◆ **DATA SHOWN**:
= = = =

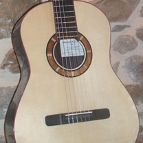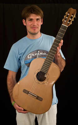 Nous vous avions déjà présenté son modèle "Classica" aux automnales de Ballainvilliers qu'il exposait également à Graines de Guitare mais c'est son modèle "Romanes" que je vous invite à découvrir en photos et en vidéo dans les mains d'Alice Ducoin.
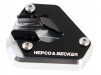 W pełni zapakowany lub na niestabilnym podłożu motocykl grozi łatwym zapadnięciem się na stopce bocznej. Precyzyjnie wyprofilowana, frezowana płyta rozporowa, którą można szybko przykręcić do stopki bocznej i uwolnić od tego zagrożenia, jest już dostępna! Ponad 100% większa powierzchnia. Bezpieczne ustawienie maszyny na wszystkich powierzchniach. Anodowane na czarno, odporne na utlenianie.
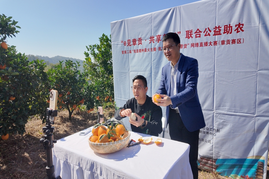 阳光洒满枝头,金灿灿的脐橙散发着诱人果香,主播们架起设备,在果树间开始了热火朝天的直播。“家人们看,这就是我们赣南脐橙,皮薄多汁,现摘现发!”章贡区融媒体中心主播大嘴和文舒边采摘边解说,直播间点赞数不断攀升。

= = = =

◆ **THE TASK**: The lines above must be transcribed exactly, with every picture left out.

◆ **RESPONSE BELOW**:
 Nous vous avions déjà présenté son modèle "Classica" aux automnales de Ballainvilliers qu'il exposait également à Graines de Guitare mais c'est son modèle "Romanes" que je vous invite à découvrir en photos et en vidéo dans les mains d'Alice Ducoin.
 W pełni zapakowany lub na niestabilnym podłożu motocykl grozi łatwym zapadnięciem się na stopce bocznej. Precyzyjnie wyprofilowana, frezowana płyta rozporowa, którą można szybko przykręcić do stopki bocznej i uwolnić od tego zagrożenia, jest już dostępna! Ponad 100% większa powierzchnia. Bezpieczne ustawienie maszyny na wszystkich powierzchniach. Anodowane na czarno, odporne na utlenianie.
 阳光洒满枝头,金灿灿的脐橙散发着诱人果香,主播们架起设备,在果树间开始了热火朝天的直播。“家人们看,这就是我们赣南脐橙,皮薄多汁,现摘现发!”章贡区融媒体中心主播大嘴和文舒边采摘边解说,直播间点赞数不断攀升。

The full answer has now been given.